TASK DESCRIPTION:
Reproduce the records below exactly, but only between the lines holding "More specifically, of" and "比如今天这篇文章,就是我的A", inclusive.

INFORMATION SUPPLIED:

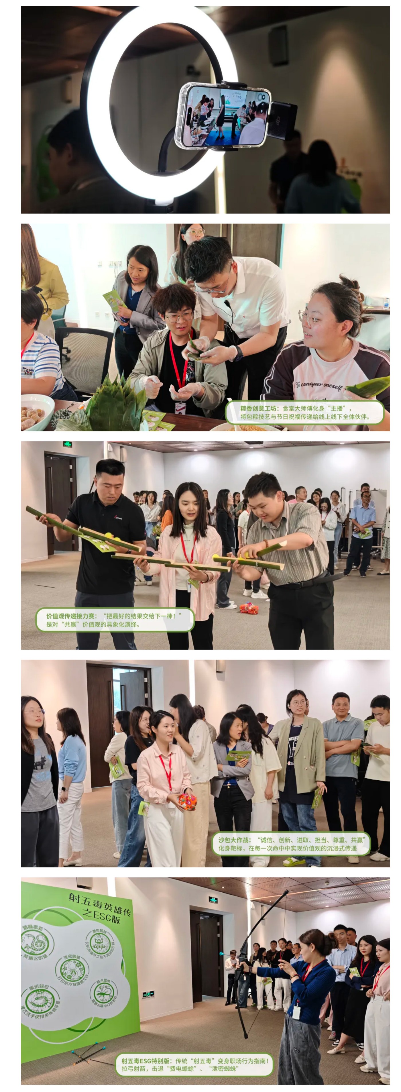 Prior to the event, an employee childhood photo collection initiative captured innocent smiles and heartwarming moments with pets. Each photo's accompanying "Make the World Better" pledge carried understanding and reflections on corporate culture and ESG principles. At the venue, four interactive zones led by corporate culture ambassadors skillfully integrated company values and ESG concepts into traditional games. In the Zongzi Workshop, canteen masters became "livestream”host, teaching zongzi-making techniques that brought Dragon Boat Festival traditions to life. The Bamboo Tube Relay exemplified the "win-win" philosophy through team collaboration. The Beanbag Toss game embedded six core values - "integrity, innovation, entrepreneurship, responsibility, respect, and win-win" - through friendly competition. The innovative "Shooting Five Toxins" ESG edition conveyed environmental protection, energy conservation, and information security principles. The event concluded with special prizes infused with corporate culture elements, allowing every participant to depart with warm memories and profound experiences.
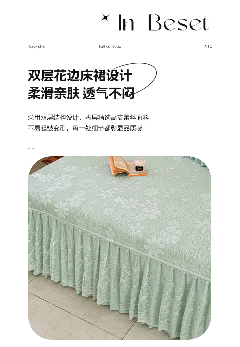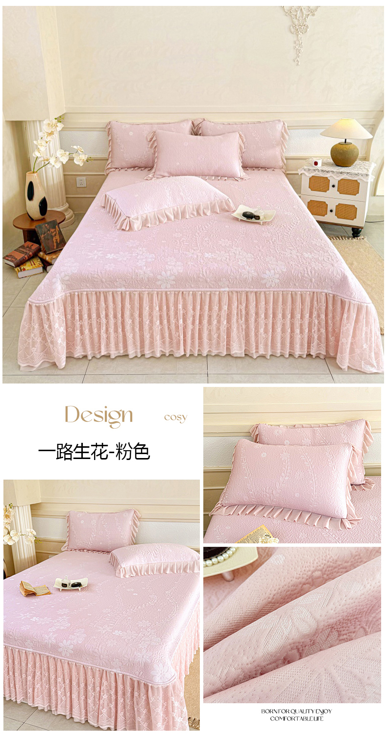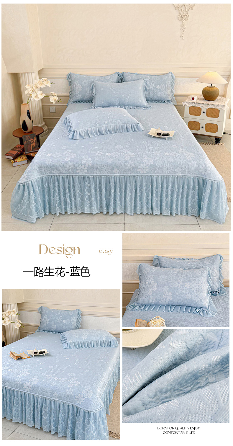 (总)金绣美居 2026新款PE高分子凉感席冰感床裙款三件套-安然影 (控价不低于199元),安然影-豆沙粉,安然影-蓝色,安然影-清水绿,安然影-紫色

---

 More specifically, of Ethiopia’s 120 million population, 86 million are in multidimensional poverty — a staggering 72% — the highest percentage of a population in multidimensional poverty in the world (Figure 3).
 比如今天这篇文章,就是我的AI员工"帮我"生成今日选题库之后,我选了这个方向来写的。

ANSWER BELOW:
 More specifically, of Ethiopia’s 120 million population, 86 million are in multidimensional poverty — a staggering 72% — the highest percentage of a population in multidimensional poverty in the world (Figure 3).
 比如今天这篇文章,就是我的AI员工"帮我"生成今日选题库之后,我选了这个方向来写的。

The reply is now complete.